Она все еще избегала подолгу смотреть на меня и теперь отвернула голову, пряча лицо, прижалась ко мне и тихо спросила:

— Похудела я, да?

— Немножко.

— Ничего, теперь поправлюсь.

Я осторожно перебирал руками ее волосы, случайно вытащил несколько шпилек и почувствовал, что Жанна улыбается.

— Что ты?

— Приятно…

— Остальные тоже можно?

— Конечно.

Я вытащил все шпильки, волосы рассыпались, и я удивился, как их много, и сказал ей об этом.

Жанна выпрямилась и с улыбкой спросила:

— А ты не знал?

— Нет. Я ведь впервые вижу тебя такой.

Она снова отвернула голову и с усилием сказала:

— Иди… мойся, вода уже набралась.

Я молча смотрел на нее. Наверно, и она думала сейчас о том, что будет потом, полчаса спустя, и так же, как я, боялась этого.

— Ну иди же, — повторила она, все еще не глядя на меня, и я сел, осторожно обнял ее за плечи и прикоснулся губами к ее шее. Она вдруг судорожно схватила мои руки и прижала ладони к своим губам: — Господи, как я ждала тебя… Нет, не надо пока целовать меня, прошу тебя.

И я тут же отпустил ее и пошел в ванную.

Когда мы приехали в институт, я сразу пошел к Дубровину. Я почему-то без стука открыл дверь его кабинета и заметил, что Дубровин вздрогнул.

— Извините, я напугал вас…

Он снял очки — я даже не знал, что он пользуется ими, — и медленно поднялся.

— Ничего, Дима, это ничего…

Он вышел из-за стола, я протянул ему руку, но он словно не заметил ее и обнял меня — и тут же легонько оттолкнул и проворчал:

— Ну, путешественник, садись, рассказывай.

— Да что рассказывать… Вот, явился.

— Вижу, что явился… — Он с явным одобрением оглядел меня и спросил: — Здоров?

— Да. А вы?

— Я — как обычно. Икры привез?

— Да.

— Когда угощать будешь?

— Хоть сегодня.

— Можно и сегодня. Прошу вечером ко мне. — Он знакомым движением склонил голову к левому плечу, внимательно посмотрел на меня. — Видел своих гавриков?

— Частично.

— Тогда иди смотри полностью. Заждались они тебя.

— Подождут еще.

— Ишь ты… Иди, иди, мне все равно некогда с тобой… разговоры разговаривать. Чего смеешься? — рассердился Дубровин.

— Я не смеюсь.

— Ну, улыбаешься.

— Рад, что вижу вас.

Дубровин отвернулся и буркнул:

— Иди, мне действительно нужно работать. Вечером поговорим.

Я пошел к своим «гаврикам». Они явно перестарались с торжественностью встречи. Кто-то караулил в коридоре и при виде меня тут же юркнул в большую комнату. Когда я увидел стол с шампанским и их парадные одеяния, я сказал, оглядывая серьезные, торжественные физиономии:

— По-моему, не хватает трибуны и оркестра.

— Трибуны нет, а оркестр щас будет, — мигом среагировал Савин.

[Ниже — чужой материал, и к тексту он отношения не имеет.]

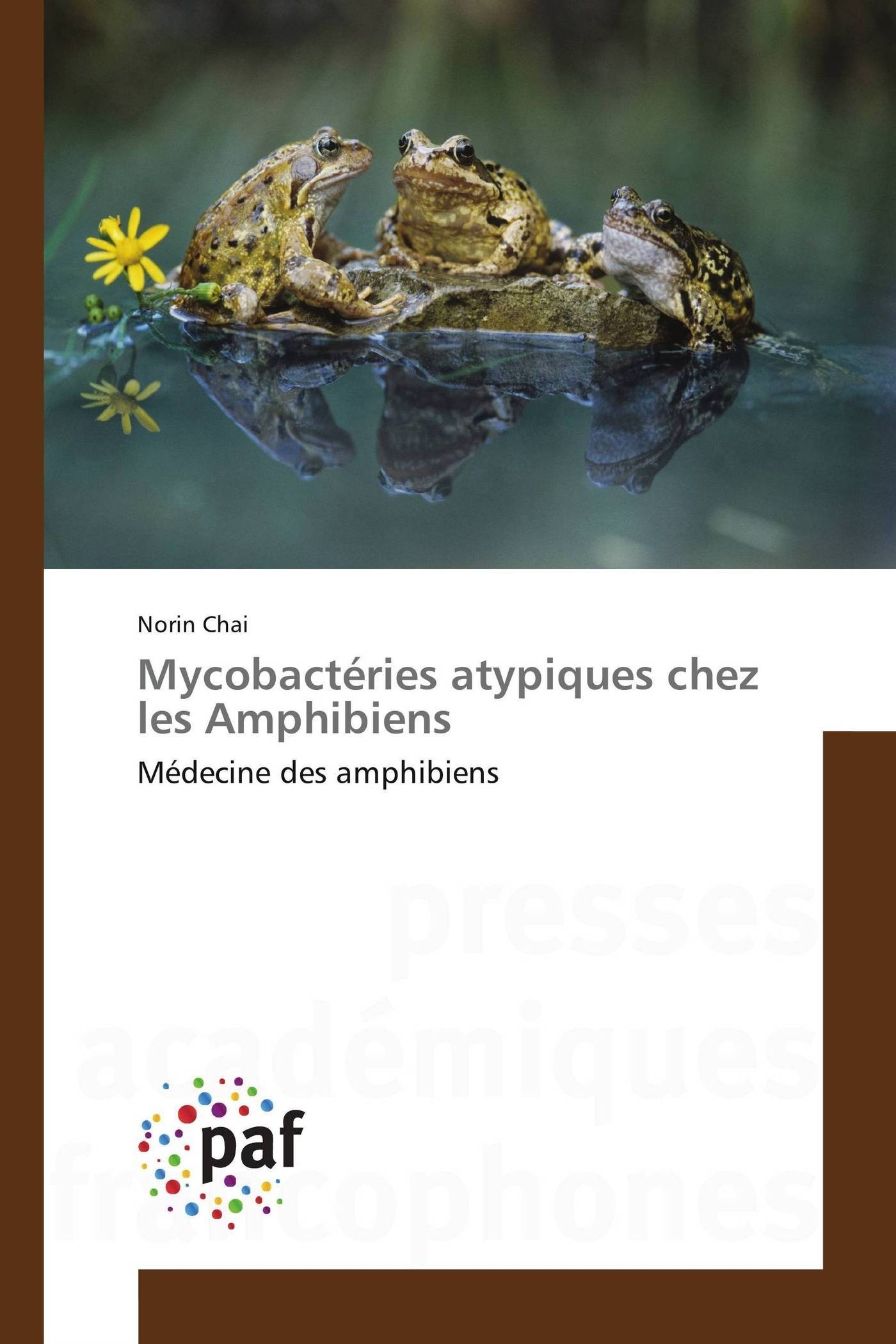 En santé humaine, les mycobactéries atypiques occupent une place très importante, surtout chez les immunodéprimés. Chez les Amphibiens, de nombreuses espèces ont été isolées : Mycobacterium abscessus, M. chelonae, M. fortuitum, M. marinum, M. gordonae, M. szulgai, M. ulcerans-like, M. liflandii, M. ranae, M. thamnospheos et M. xenopi. Dans les laboratoires de recherche, les épizooties de mycobactérioses représentent de véritables catastrophes sur le plan économique et scientifique. Dans les animaleries expertisées, à la gestion et aux infrastructures différentes, des épizooties mycobactériennes ont été observées et étudiées. Notre étude décrit la première épizootie d'amphibiens due à M. szulgai, et le premier cas en France d'infection d'une colonie de X. tropicalis, due à une mycobactérie ulcerans-like, M. liflandii. Cet ouvrage représente également une mise à jour de la médecine des Amphibiens.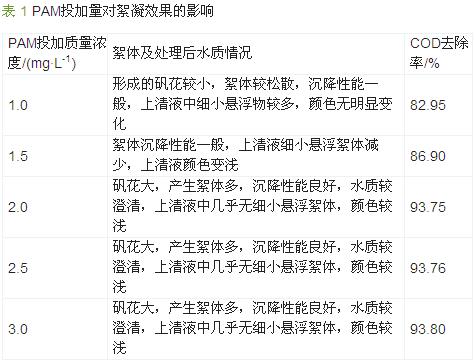 (3)絮凝實驗中助凝劑PAM投加的質量濃度為2 mg/L,最終得到COD的去除率為93%以上,出水COD低于300 mg/L,達到相關排放要求。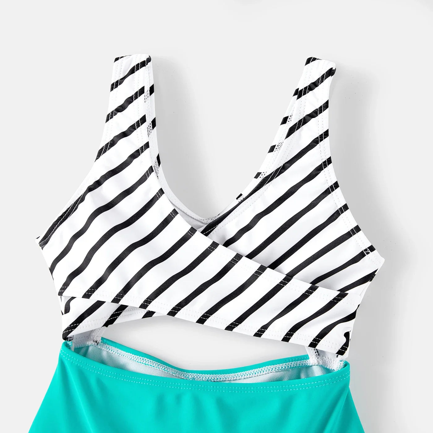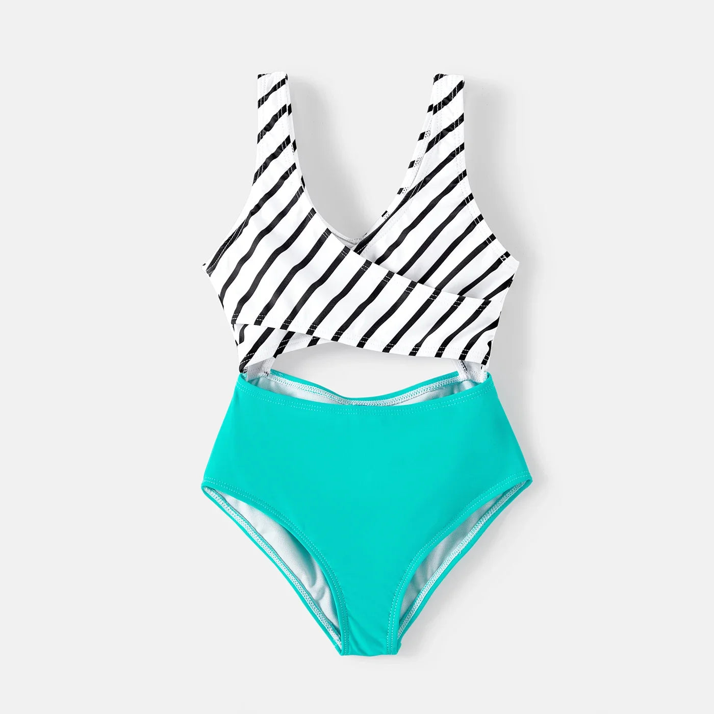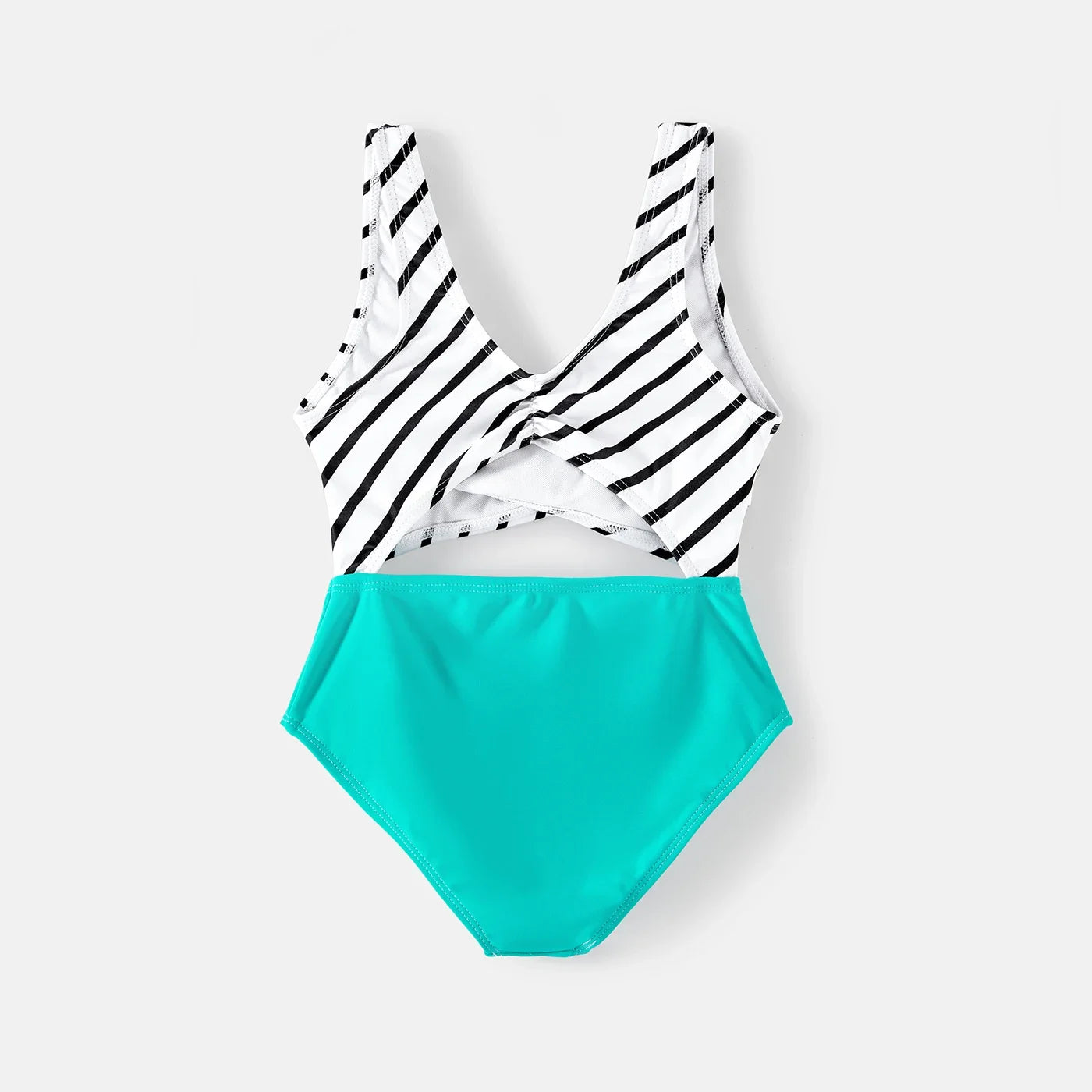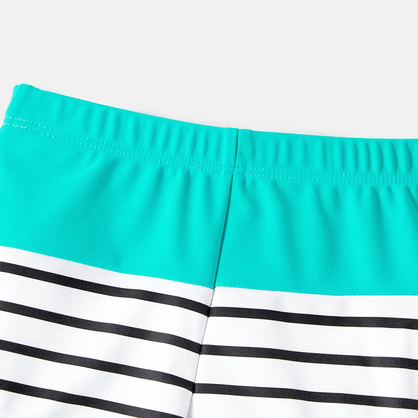 Family Matching Swimwear: Striped One-Piece & Colorblock Trunks, Summer Ready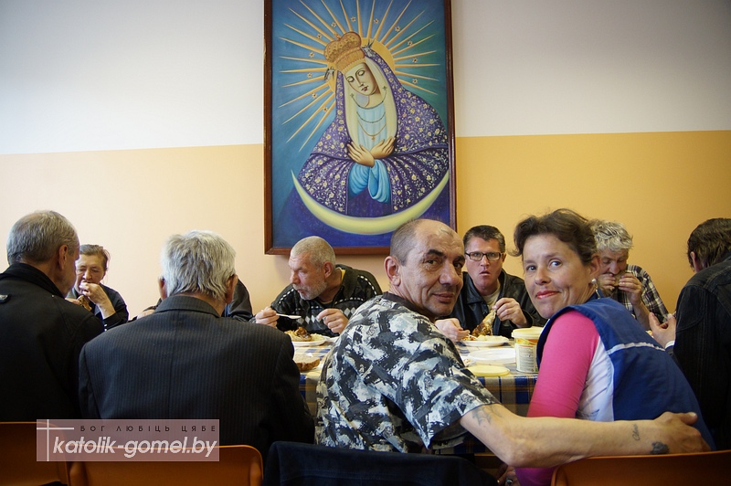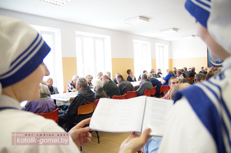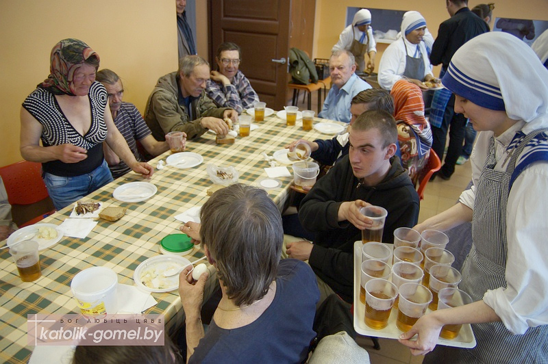 23 апреля в гомельском Доме милосердия сестры католического ордена Миссионерок Любви (сестры Матери Терезы) устроили праздничный Пасхальный обед для местных нищих и бездомных. На обеде собрались около ста человек. Помогали сестрам прихожане костела и викарий гомельского римско-католического прихода отец Доминик Шимански. После чтения Евангелия о Воскресении Иисуса Христа священник проповедовал нищим: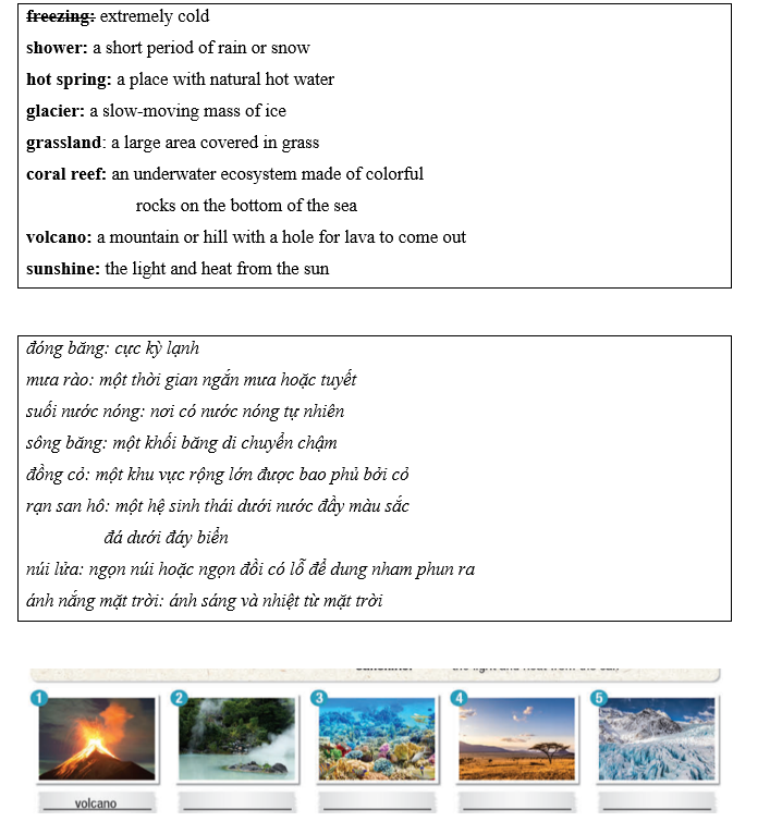 (Đọc các định nghĩa và nối các từ với hình ảnh hoặc điền vào chỗ trống. Lắng nghe và lặp lại.)
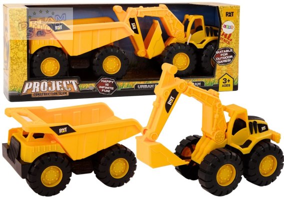 Zestaw Maszyn Budowlanych Koparka Wywrotka Ruchome Żółty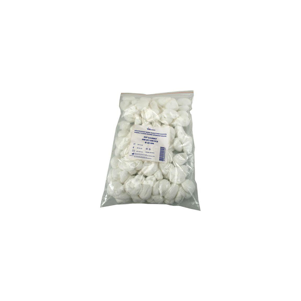 Round dryer gauze - Highly clean - Latex free - Elastic ring: Material: Silicone - Colour: White - Packaging: Resealable plastic bag - Autoclavable: EO or steam 135 °C - CE marking: Class 1 according to MDD - Manufacturing: China - Certification: ISO 9001:2008 & ISO 13485:2012 - Storage: 5 years from the date of manufacture, in a dry and cool place without direct sunlight or - influence of heat source - 100% bleached cotton - 17 threads - Warp: 104 ± 4 - Weft: 72 ± 4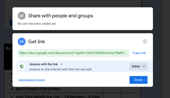- While Writing 1: Settling In. The Central Google Doc should have links named e.g. Room 1, Room 2, Room 3, corresponding to the breakout rooms students are working in. When you create these, make sure you click the blue Share button in the top right of the Google Doc and then set access to the option that Anyone on the internet with this link can edit (see the image above). Paste the link into the Central Google Doc; highlight it; click the Insert Link icon to make the URL a direct clickable link. For one final step, select the whole URL and you’ll see an option to rename it according the title of the document. Click this. Repeat with however many rooms / docs you need (if this seems fiddly, it’s not as bad as it sounds! A more detailed explanation can be found here).

Он дал кому-то знак — и из угла грянул «Ракоци-марш». «Гаврики» встали чуть ли не навытяжку. Я прошел в угол, к проигрывателю, убавил громкость и, когда марш закончился, сказал:

— Здравствуйте.

День этот превратился в сплошное празднество.

Не успели мы вернуться из института, как уже пора было отправляться к Дубровину. Там мы засиделись за полночь. Я боялся, что Дубровин заговорит о моих дальнейших планах, но он словно мимоходом обмолвился, что главное сейчас — доклад в Академии наук, все остальное — потом.

И ребята деликатно молчали, разве что поглядывали иной раз с ожиданием — не скажу ли я сам чего-нибудь? Все же из некоторых их реплик я понял: они я мысли не допускают, что я не буду работать с ними. На другой день как-то само собой устроилось «чаепитие», и мне были продемонстрированы все достижения последних двух месяцев. Достижения были не бог весть какие, но я, конечно, не стал говорить им этого. Я сказал «недурно», и на большем они не настаивали. Потом я почти не показывался в институте — считалось, что я готовлюсь к докладу. Я действительно полдня готовился к нему, а потом засел за свою работу.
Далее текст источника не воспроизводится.